Alpine resorts invest in snowmaking to reduce impact of climate change
August 6, 2017

To combat predictions that climate change will slash the duration of Australia's ski seasons, resorts are making big investments in snowmaking equipment to ensure the industry can keep drawing tourists to alpine regions in the winter months.

The first month of the current winter was the driest June on record in much of southern Australia, while July brought record-breaking heat and little rain.

However, despite those conditions, the snow industry has been reporting pretty much business as usual at Australia’s alpine resorts, with visitor numbers tracking around average.

Colin Hackworth, Chief Executive of the Australian Ski Areas Association, said the $1.5 billion industry has long recognised "if you have no snow, you have no business" and had been investing in snowmaking for decades.

Hackworth told the ABC that snowmaking is particularly important early in the season when there is excitement about visiting the snow, but often little natural snowfall, commenting “this will make snow at 30 degrees Celsius. In April and May you can start making these big piles of ice chips and actually they are very resilient. They take a long time to melt.

"When it comes close to the ski season you doze them all out with a machine so you have guaranteed snow.

"In years going forward all the resorts will have snow on the ground. June will become a regular part of the ski season. Before it was very much touch and go."

Hackworth sees this as a huge leap from the early days of snowmaking in Australia, when manually operated snow gun systems were used to top up natural falls, adding “technology has improved from manual snow guns where someone has to go and turn the tap on and off in the middle of the night, to automated systems with their own weather stations.”

He describes the technology as working like an industrial ice-cream churner, explaining "you plug it in, put water in one side and there's a drum that spins around inside that freezes the water and it gets spat out the other end as ice particles.”

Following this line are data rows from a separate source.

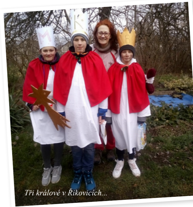
Tři králové v Říkovcích...
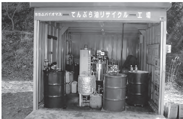
てんぷら油リサイクル工場

油燃料で動いている。21年度はこれを10台に増やす予定。課題は、廃食油の回収量を増やすこと。また、障がいのある人の雇用については、社会福祉協議会との連携を深めながら検討していく。
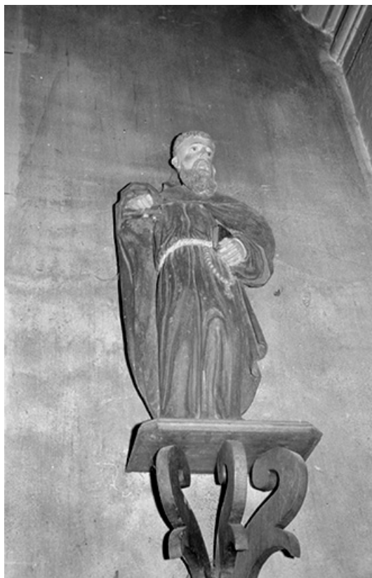
Vue d'ensemble en 1968.
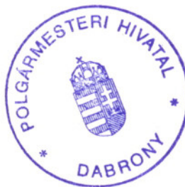
Bedő Gábor ig. főea.

Ongoing investments in artificial snowmaking has Victorian resort Mt Buller extend operational days from about 100 in the 1970s to 106 in a typical year now, even with less natural snow. Diversification has also brought in ‘snow tourists’, with many visitors just heading to the mountains as spectators, rather to ski or snowboard.

Figures compiled by Victoria's Alpine Resorts Co-ordinating Council showed visitor numbers to Mt Buller in the opening week of the current ski season were up 148% on last year and the highest they had been in the past 10 years - despite a distinct lack of natural snow in the region early in the season.

Buller Ski Lifts General Manager Laurie Blampied commented "I think the June in north-east Victoria was the driest since June 1907."

However, since 14th March a TechnoAlpin SF220 Snowfactory has been operational at Mt Buller, leading Blampied to comment “the difference between the snowfactory and conventional snow making is that it doesn't rely on the ambient temperature conditions to be able to produce snow"What that means is that we can make snow continuously 24 hours a day, seven days a week, virtually at any temperature."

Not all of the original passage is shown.